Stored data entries

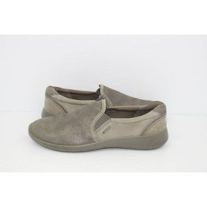 Ecco Soft 5 Slip On Shoes Women's 40 Gray Metallic Leather Cushioned Round Toe
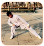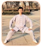 (2)屈膝下坐成马步,同时,两臂从两侧下落,两掌指扶在膝关节上方,目视前方(如图4-1-15)。
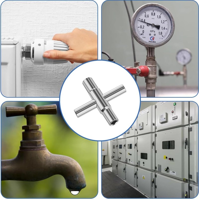 • Square wrench. Widely used: suitable for water valves, taps and most valves. and the gas chimney wrench seamlessly adapts to various ball valves, controlling the water pluck on outdoor sillcocks, radiators, adjusting electrical systems, managing gas fire pits to assisting in maintenance work in trains, cabinets, elevators and fireplaces.
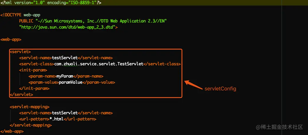 Servlet接口中定义的init方法的参数类型为ServletConfig,该对象是Tomcat生成的,我们自己实现Servlet接口时,可以直接使用该ServletConfig对象。顾名思义,该对象其实就是Servlet配置。我们是在web.xml文件中配置的servlet,也就是说Tomcat帮我们把xml文件解析为对象,供我们直接使用,免去我们使用dom4j解析xml文件的麻烦。
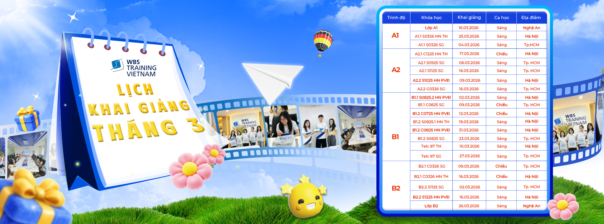 LỊCH KHAI GIẢNG THÁNG 3 NĂM 2026
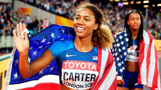 Carter, estudiante de biología en la Universidad de Stanford, llegó emparejada con su compatriota Dalilah Muhammad al décimo y último obstáculo, pero fue mucho más rápida en el tramo liso hasta la meta.
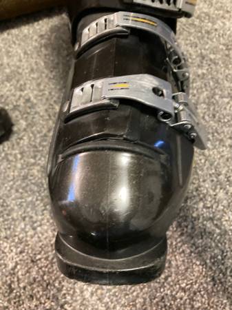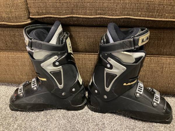 I am selling a gently used pair of ski boots. I don’t know if they are men’s or women’s ski boots, but my wife is the one that wore these. The brand is Lange. The size is 9. The color is black/dark grey (I can’t tell). The boots do have a few scuffs as can be seen in the pictures. There are no deep gouges. The bottom of the boots are in great shape with minimal wear. Here are a few specs I found on the net. The G-Force design is a perfect complement to super-sidecut skis. A medium volume boot with regular width, the GX7 has a softer forward flex and is shorter than most boots. This allows you to carve turns on parabolic skis. Women's specific anatomic liner with a soft gel tongue adds all day comfort. Features include: 3-Flex insert. Lady Anatomic Comfort Design lining. Micrometric buckles. G-Force asymmetric upper. Slow Memory arch support.
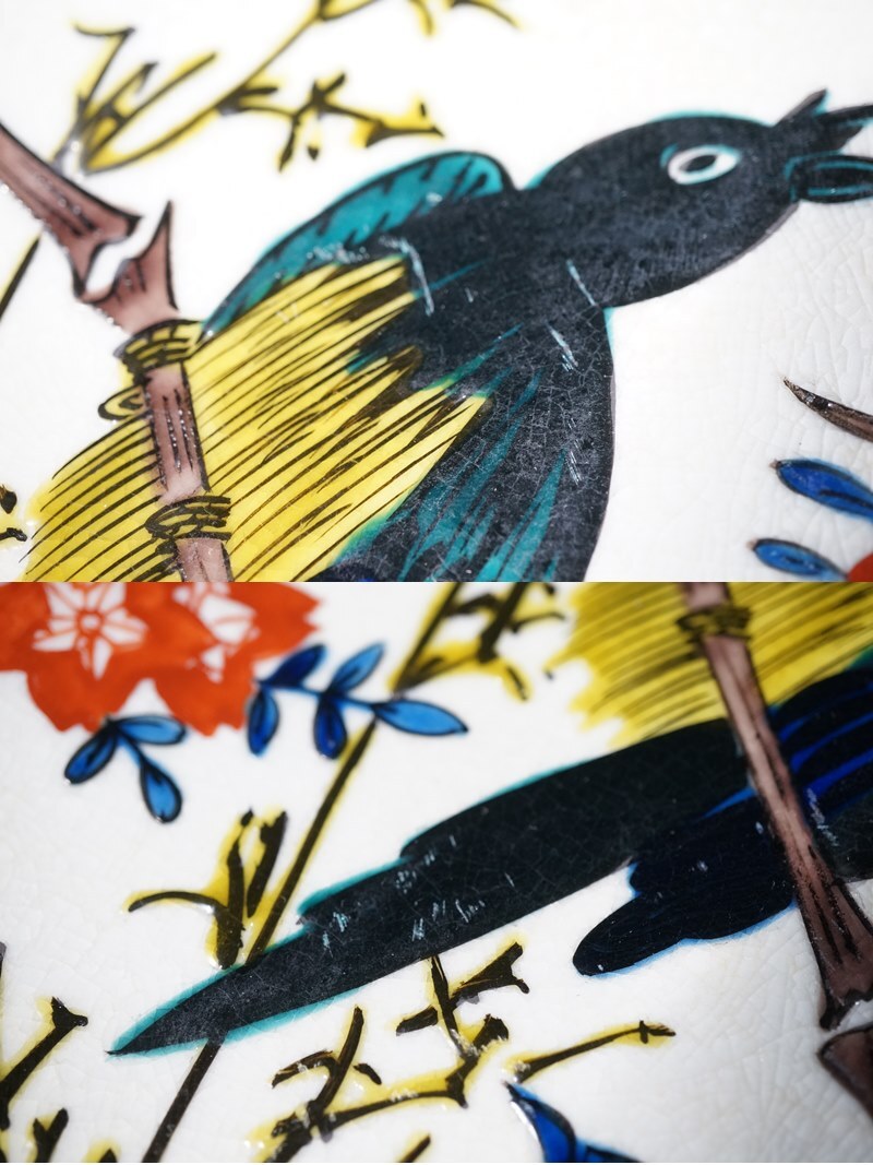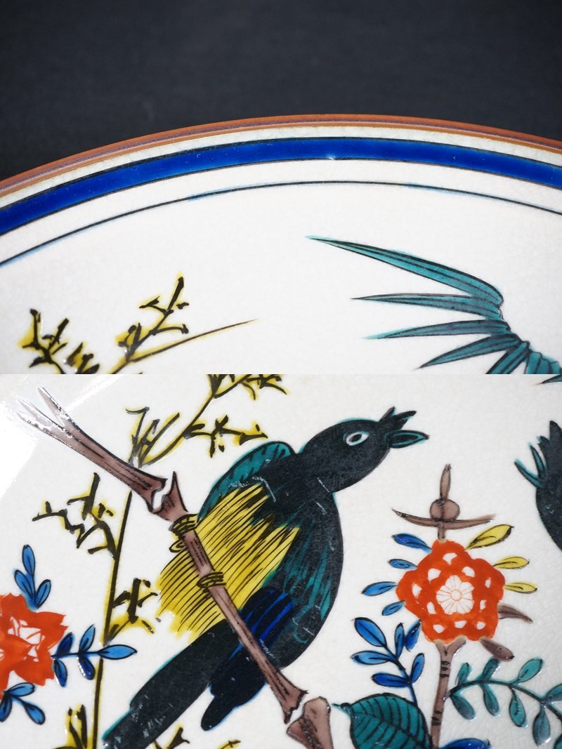 東ハ:【九谷焼】角福銘 色絵 哥々鳥図 飾皿 約31.5㎝ 叭々鳥図写し 八哥鳥 花鳥図 吉祥図 大皿 飾り皿 ★送料無料★ |
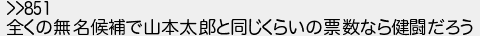 855: (茸) [] 2020/07/07(火) 18:09:27 ID:zollf1a8 >>851 全くの無名候補で山本太郎と同じくらいの票数なら健闘だろう http://egg.5ch.io/test/read.cgi/develop/1593140608/855

**Try it:**
Your copy must reproduce the entries above in full, without their pictures.

**Worked solution:**
 Ecco Soft 5 Slip On Shoes Women's 40 Gray Metallic Leather Cushioned Round Toe
 (2)屈膝下坐成马步,同时,两臂从两侧下落,两掌指扶在膝关节上方,目视前方(如图4-1-15)。
 • Square wrench. Widely used: suitable for water valves, taps and most valves. and the gas chimney wrench seamlessly adapts to various ball valves, controlling the water pluck on outdoor sillcocks, radiators, adjusting electrical systems, managing gas fire pits to assisting in maintenance work in trains, cabinets, elevators and fireplaces.
 Servlet接口中定义的init方法的参数类型为ServletConfig,该对象是Tomcat生成的,我们自己实现Servlet接口时,可以直接使用该ServletConfig对象。顾名思义,该对象其实就是Servlet配置。我们是在web.xml文件中配置的servlet,也就是说Tomcat帮我们把xml文件解析为对象,供我们直接使用,免去我们使用dom4j解析xml文件的麻烦。
 LỊCH KHAI GIẢNG THÁNG 3 NĂM 2026
 Carter, estudiante de biología en la Universidad de Stanford, llegó emparejada con su compatriota Dalilah Muhammad al décimo y último obstáculo, pero fue mucho más rápida en el tramo liso hasta la meta.
 I am selling a gently used pair of ski boots. I don’t know if they are men’s or women’s ski boots, but my wife is the one that wore these. The brand is Lange. The size is 9. The color is black/dark grey (I can’t tell). The boots do have a few scuffs as can be seen in the pictures. There are no deep gouges. The bottom of the boots are in great shape with minimal wear. Here are a few specs I found on the net. The G-Force design is a perfect complement to super-sidecut skis. A medium volume boot with regular width, the GX7 has a softer forward flex and is shorter than most boots. This allows you to carve turns on parabolic skis. Women's specific anatomic liner with a soft gel tongue adds all day comfort. Features include: 3-Flex insert. Lady Anatomic Comfort Design lining. Micrometric buckles. G-Force asymmetric upper. Slow Memory arch support.
 東ハ:【九谷焼】角福銘 色絵 哥々鳥図 飾皿 約31.5㎝ 叭々鳥図写し 八哥鳥 花鳥図 吉祥図 大皿 飾り皿 ★送料無料★ |
 855: (茸) [] 2020/07/07(火) 18:09:27 ID:zollf1a8 >>851 全くの無名候補で山本太郎と同じくらいの票数なら健闘だろう http://egg.5ch.io/test/read.cgi/develop/1593140608/855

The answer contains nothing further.